In an adjacent room filled with sandbags, tools and supplies for rebar and drywall, Ian Chase, Building Futures training director, prepared to welcome a new wave of students. Chase said the program’s five-week training course balances skills training and strength training. Sometimes Chase students turn over tractor-sized tires, wield hammers, and engage in timed measuring drills, which will condition them for the physically demanding job ahead. Other times, they work on longer-term projects that mirror the work they’ll be doing on actual construction sites: building a rebar mat for a bridge or building, insulating, wiring, and painting walls. desks.
It was in this room that Andrew Ortiz, a recent graduate of Building Futures, discovered his favorite specialty: recording.
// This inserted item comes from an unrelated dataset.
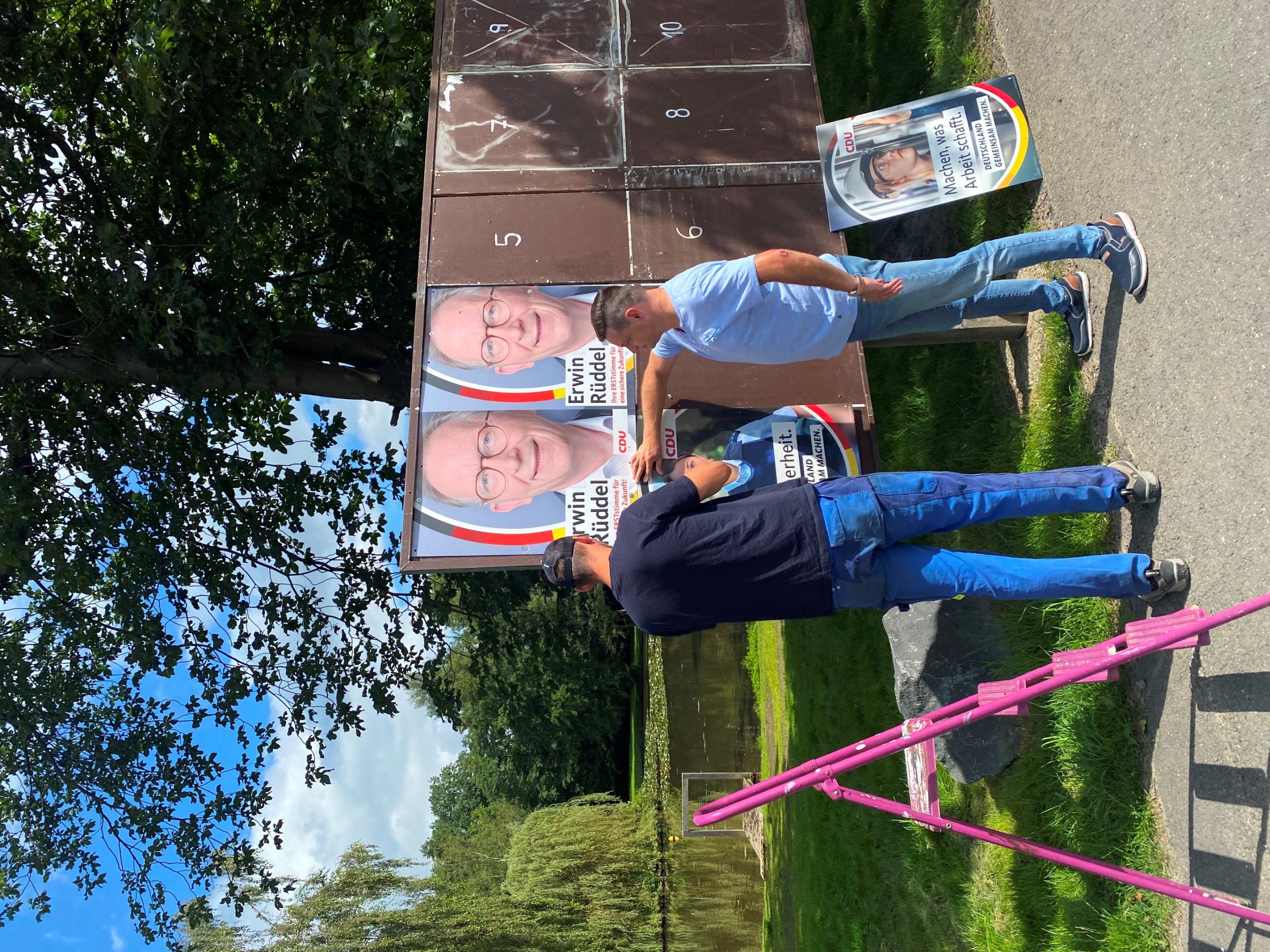 Am Sonntag, den 01.08.2021, haben Daniel Pötz, Enrico Kolling und Dirk Kolling die Wahlplakate zur Bundestagswahl auf gehangen. Es konnten 6 Stellwände mit jeweils 4 Plakaten bestückt werden. Erwin Rüddel bedankte sich bei allen tatkräftigen Unterstützer.

“I didn’t even know people could get jobs as sparklers,” Ortiz admitted. But after five weeks of working in several specialties, he discovered that he mostly enjoyed preparing unfinished drywall for painting, covering the edges of walls with masking tape and later putting the finishing touches on a job. paint.
Before Building Futures, Ortiz laid the foundation for a concrete house for a private contractor and faced the same job security issues as Domenech. Joining the Building Futures training program, he realized, would allow him to learn a variety of trades at no cost to him, which would eventually bring him better job security, higher wages and good benefits. social.
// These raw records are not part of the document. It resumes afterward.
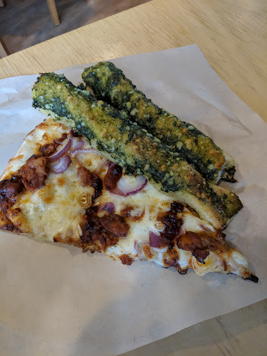Big, appetizing, tasty slices. Very conveniently located for PSU students, who get a nice discount in the afternoon. I love that everything, the plate lining, your napkins, your straw, are compostable. It feels good not having to put anything at all in the trash at the end of your meal.
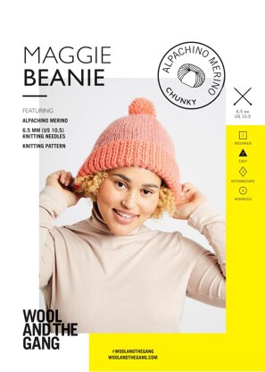 Maggie Beanie in Wool and the Gang Alpachino Merino - V767726308 - Downloadable PDF is a Beginner Knitting pattern by Wool and the Gang, available as a Downloadable PDF and includes instructions in English. Super fun to make, this pattern could be your next masterpiece!
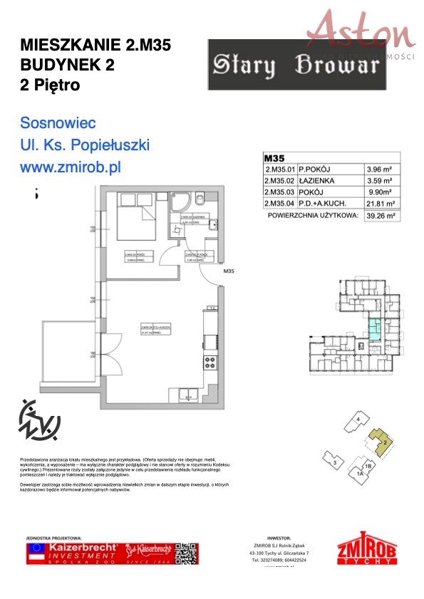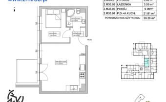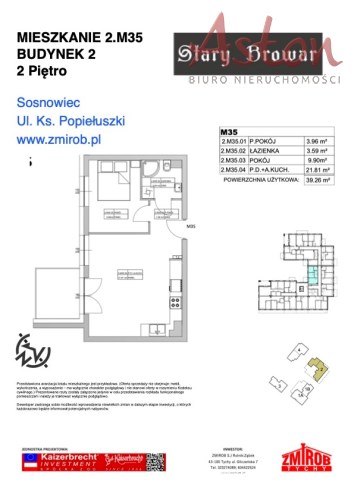 2M35 - mieszkanie o powierzchni 39,14 m2, 2 piętro, 2/3 pokoje, balkon.

“I was looking for a career path,” he said. “I joined this program because it will help me get a union job in a respected industry. »
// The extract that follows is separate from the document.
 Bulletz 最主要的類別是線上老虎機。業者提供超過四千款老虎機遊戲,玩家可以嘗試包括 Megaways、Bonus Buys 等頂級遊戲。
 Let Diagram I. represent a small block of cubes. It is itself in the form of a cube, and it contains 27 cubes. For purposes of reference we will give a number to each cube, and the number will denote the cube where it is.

Ortiz now works as an apprentice at PAC; in less than a year, he will become a journeyman and join his local painters’ union.
Chase said the program’s impact can extend far beyond the new skills acquired during an apprenticeship, as participants create careers that make a meaningful difference in their lives outside of work.
“A lot of people who come here looking for a shot might not even have much interest in building, might not even have played with Legos as kids – but they struggle to make ends meet, or they’re looking to do more with their lives,” Chase said. “What we’re able to get across to them here can be really transformative. We have graduates who are now leading their own projects, immersing themselves in local politics, buying their first home or even a second home. I don’t think we really anticipated any of this.